Let $T$ be a bounded linear operator in a Hilbert space, $T^*$ the adjoint of $T$. Then how to show that $I + T^*T$ is invertible?
Thanks.
Let $A=I+T^{\star}T$. Then $A=A^{\star}$ and $$ \|x\|^{2}\le \|x\|^{2}+\|Tx\|^{2}=(Ax,x) \le \|Ax\|\|x\| \\ \implies \|x\| \le \|Ax\|. $$ So $A$ is injective.
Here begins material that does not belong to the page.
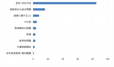一番多い相談内容は、「症状・対応方法」であり、次いで「相談者の心身の問題」、「医療に関すること」でした。
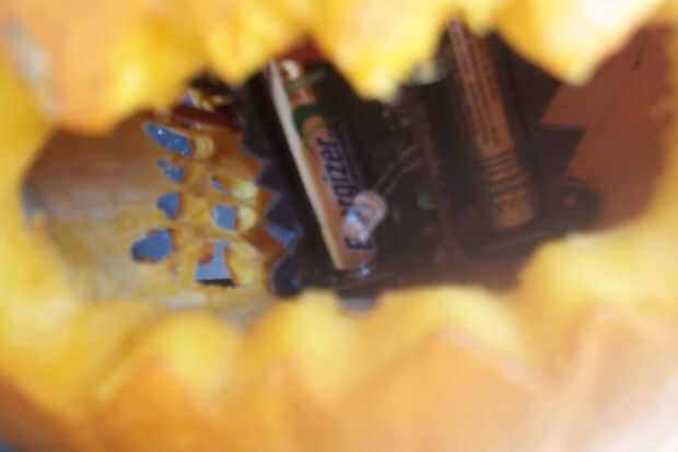 Ahora ponemos la calabaza en el porche o en un lugar donde se consigue algo de sol. Si todo ha ido bien tendrás una calabaza segura iluminada en la noche solamente.

The range of $A$ is dense because $\mathcal{R}(A)^{\perp}=\mathcal{N}(A^{\star}) = \mathcal{N}(A)=\{0\}$. To see that the range is closed, suppose $\{ Ax_n \}$ converges to some $y$. Then $\{ Ax_n \}$ is a Cauchy sequence; hence $\{ x_n \}$ is a Cauchy sequence because $$ \|Ax_n - Ax_m \| \ge \|x_n-x_m\|. $$ Therefore $\{ x_n \}$ converges to some $x$ and $\{ Ax_n \}$ converges to $Ax$, which gives $Ax=y$. So the range of $A$ is closed, which proves that $A$ is surjective.
So $A$ is a linear bijection, and $\|x\|\le \|Ax\|$ implies $\|A^{-1}y\|\le \|y\|$. Hence $A$ is invertible.